Read Muerto hasta el anochecer Online
Authors: Charlaine Harris
—¿Necesitas un empujón? —preguntó, esperanzado.
—Creo que ya estoy—contesté, intentando no sonreír.
Permanecimos en silencio durante todo el trayecto hasta el Centro Social que se encontraba en la parte más antigua de Bon Temps, la anterior a la Guerra. La estructura actual no era de aquel período, pero se sabía que en ese mismo emplazamiento había existido un edificio que fue destruido en la Guerra, aunque su propósito original no estaba documentado en ningún registro.
Los Descendientes de los Muertos Gloriosos constituían un grupo muy variopinto. En él se daba cabida a frágiles y vetustos ancianitos, a otros miembros no tan mayores y muy activos, e incluso a alguna que otra persona de mediana edad. Pero no contaba con un solo joven entre sus listas, de lo que mi abuela se lamentaba a menudo, mientras me dirigía expresivas miradas.
El señor Sterling Norris, viejo amigo de mi abuela y alcalde de Bon Temps, se ocupaba de recibir a los asistentes, y permanecía a la puerta estrechando manos e intercambiando unas palabras con todo el que llegaba.
—Querida Sookie, cada día estás más guapa —me dijo—. ¡Y Sam! Hacía una eternidad que no le veíamos por aquí. Sookie, ¿es cierto que el vampiro es amigo tuyo?
—Sí, señor.
—¿Podrías asegurar que esta noche estaremos todos a salvo?

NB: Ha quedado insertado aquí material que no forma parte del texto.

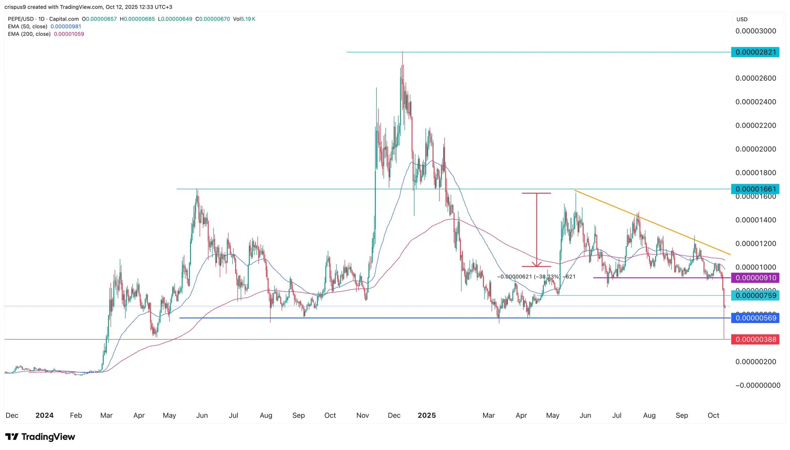 Due to this fact, the most certainly situation is that the Pepe worth will proceed to fall within the coming weeks. The preliminary goal would be the year-to-date low of $0.0000038, adopted by $0.0000020.
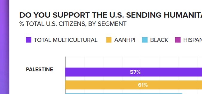 Las opiniones se centran en ayudar en forma humanitaria a Palestina con 57% de todos los votantes de poblaciones diversas; el 59% de los latinos tiene esa opinión, pero es la población LGBTQIA+ la más enfática con 69%.
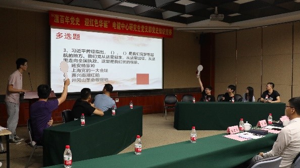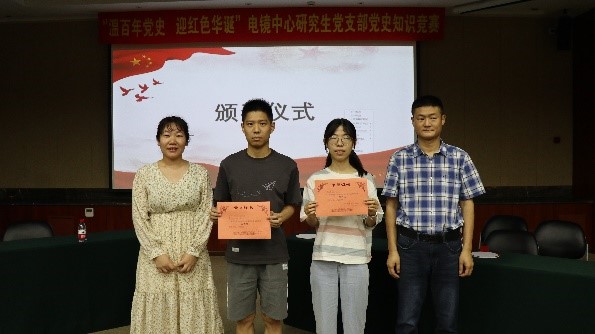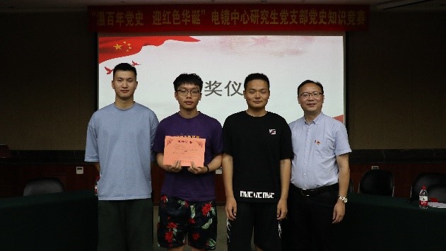 为巩固支部的党史学习成果,迎接党的百年红色华诞,切实引导支部党员学史明理、学史增信、学史崇德、学史励行,2021年6月29日上午9:00,电镜中心研究生研究生党支部,在邵逸夫科技馆212隆重举办“温百年党史,迎红色华诞”党史知识竞赛,学院党委副书记张士良,党委秘书王海萍,电镜中心主任王勇教授,电镜中心德育导师王江伟研究员,电镜中心班主任袁文涛老师出席本次会议并担任评委,支部全体党员参加了本次活动,本次比赛由支部副书记林宇铖主持。

—Sin ningún tipo de duda. Es una... persona muy agradable —¿Qué decir si no? ¿Un ser? ¿Una entidad? ¿Si te gustan los no muertos, te va a encantar?
—Si tú lo dices —dijo el señor Norris, no muy convencido—. En mis tiempos una cosa así sólo aparecía en los cuentos.

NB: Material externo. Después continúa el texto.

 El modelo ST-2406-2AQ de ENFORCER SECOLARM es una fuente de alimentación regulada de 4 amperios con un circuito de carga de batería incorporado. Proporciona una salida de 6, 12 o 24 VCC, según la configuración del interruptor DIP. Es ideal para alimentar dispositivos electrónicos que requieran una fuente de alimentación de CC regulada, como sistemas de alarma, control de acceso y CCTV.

—Bueno, señor Norris, éstos aún son sus tiempos —dije, con la alegre sonrisa que se esperaba de mí. El rió y nos invitó a pasar, que era lo que se esperaba de Sterling Norris. Sam me cogió de la mano y prácticamente dirigió mis pasos hasta la penúltima fila de sillas metálicas. Saludé con la mano a mi abuela mientras nos sentábamos. La sesión estaba a punto de comenzar y la sala acogía a unas cuarenta personas, todo un éxito de convocatoria, para tratarse de Bon Temps. Pero no veía a Bill por sitio ninguno.
Justo en ese momento, la presidenta de los Descendientes, la fornida y oronda Maxine Fortenberry, subió al estrado.
—¡Buenas noches! ¡Buenas noches a todos! —su voz retumbó por todas las esquinas—. Nuestro invitado de honor acaba de llamar para informarnos de que ha tenido un pequeño problema con su automóvil y llegará con unos minutos de retraso. Así que vamos a adelantar la junta ordinaria para cubrir este espacio de tiempo.
El grupo se puso manos a la obra, y no nos quedó más remedio que soportar el desarrollo de una infinidad de tediosos asuntos. Sam estaba a mi lado, con los brazos cruzados y la pierna derecha apoyada en la izquierda a la altura del tobillo. Yo estaba poniendo especial atención en mantener la guardia alta y sonreír, por lo que me sentí como si me tiraran un jarro de agua fría encima cuando Sam se inclinó hacia mí y me susurró:
—Puedes relajarte.
—Pensé que ya lo había hecho —contesté en voz baja.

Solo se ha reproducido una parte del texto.